School : I am moving back to school this weekend. I am taking five courses this semester, even though I only needed three more to graduate. I need four courses to be considered a "full-time" student, but I think all my courses would be beneficial. Besides, it should be fun since all but one are my electives. The downside is that I won't have any classes with my friends except for one! One out of five! Don't get me wrong. I'd appreciate the opportunity to meet new people, but sometimes, you'd just want to be in a class with people you know - especially since it's the last semester of college.

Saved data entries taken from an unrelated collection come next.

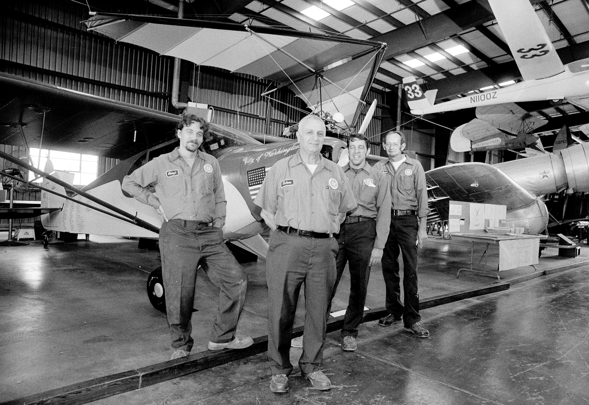 National Air and Space Museum Garber Facility staffers Karl Heinzel, Joe Fichera, Bob Padgett, Rich Horigan standing in front of a plane, 1982.
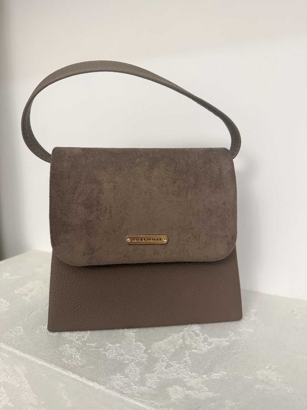 Klapa wykonana z delikatnego zamszu dodaje torebce subtelnej elegancji, a korpus z matowej skóry ekologicznej zapewnia trwałość i wygodę użytkowania. U góry znajduje się solidny uchwyt, który umożliwia noszenie torebki w dłoni lub na nadgarstku. Na froncie umieszczono złotą blaszkę z logo marki, podkreślającą jej wyjątkowy charakter.
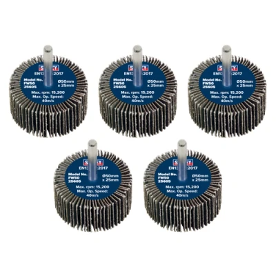 General description Sealey 50 x 25mm Abrasive Flap Wheel on 6mm Shaft 60Grit is designed for finishing curved and intricate metal surfaces. This product is supplied in a pack of 5, making it a convenient choice for various applications. Technical specifications Material: Aluminium oxide Dimensions: Ø50 x 25mm Grit: 60 Max. RPM: 15,200 Max. Operating Speed: 40 m/s Shaft Diameter: Ø6mm Model No.: FW5025605 Compatibility and accessories Suitable for use with power drills
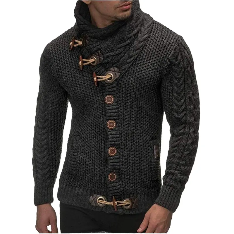 European and American New Fashion Winter Clothing High Collar Men's Elastic Long Sleeve Cardigan Sweater
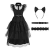 Traje de Cosplay da Família Addams Vestido de Baile Halloween Wednesday Addams Vestido Preto Roupa de Cosplay
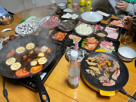 天气冷起来了,火锅配烤肉绝对可以约上朋友,在家小火锅搞起来,怕不够吃又点了烤肉 火锅锅底一般是:筒骨汤豆腐干农港城拐弯那家卖的豆腐干我感觉是我吃过最好吃的(吃过磨石桥的、路桥中心菜场的、农港城、沙埠的、宁溪的、各个小地方)宁溪主要卤水豆腐,吃不惯的可能不是很喜欢,沙埠的太久远了忘了味道,农港城的确实不错汤底好了之后,豆腐干、筒骨盛出来,再放入锅中加点番茄、玉米就可以做汤底了(其实很淡,但是家庭版这
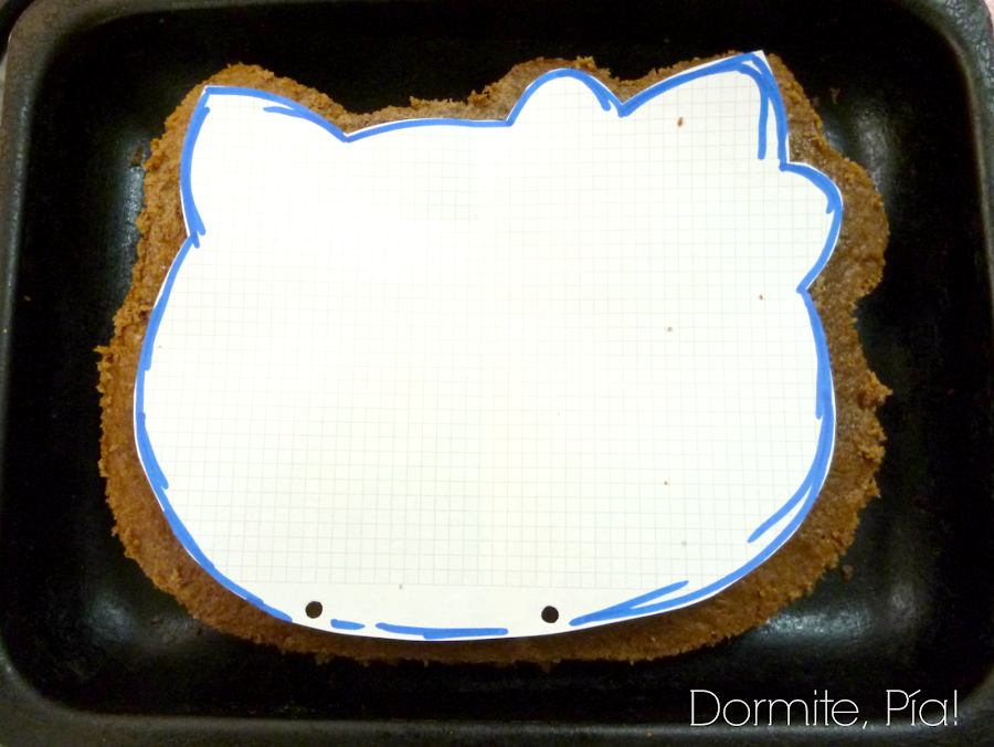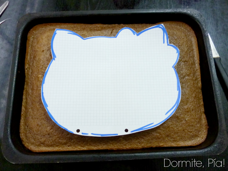 *Calqué de un mantel de cumpleaños la forma de la cabeza de Kitty. No hay nada peor que una cara de Kitty o de Mickey deforme.
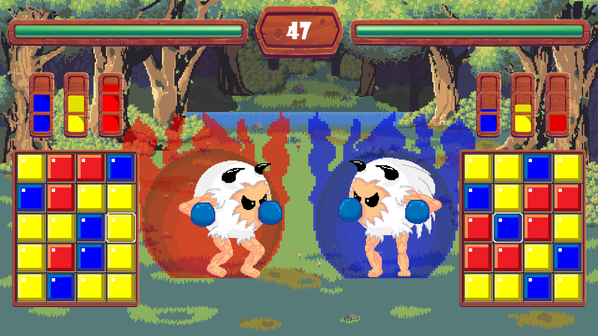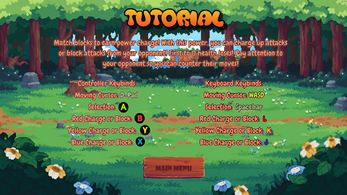 Match blocks to build attack meter. Lining up 3+ same colored blocks in a row (must be aligned by player) will cause a match. Matching will fill the attack bar of the same color. Attack the opponent until their health is at 0, or yours is greater than theirs upon Time Over.
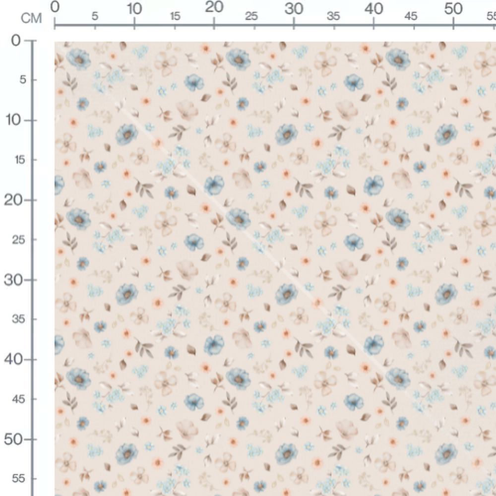 Petites fleurs bleues et roses accompagnées de feuilles marron. Fleurs en aquarelle avec des nuances douces. Fond beige uni mettant en valeur les motifs floraux.Les tissus
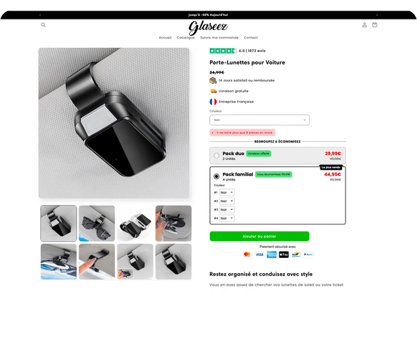 Une boutique unique, moderne et fluide, adaptée à ta cible.

Life : For a short while, I thought I was all alone in thinking that I am living my life aimlessly, without direction. After speaking with some of my friends, I've realized that I am not the only one. Most of us have such big plans when we were younger, but as we grow older, things changed. Plans changed. People changed. And sometimes all these changes are overwhelming, making us feel confused and doubtful about life: what we wanted to do and accomplish and where we want to see ourselves in the future. I know it's all part of growing up, but why does it have to be so hard sometimes?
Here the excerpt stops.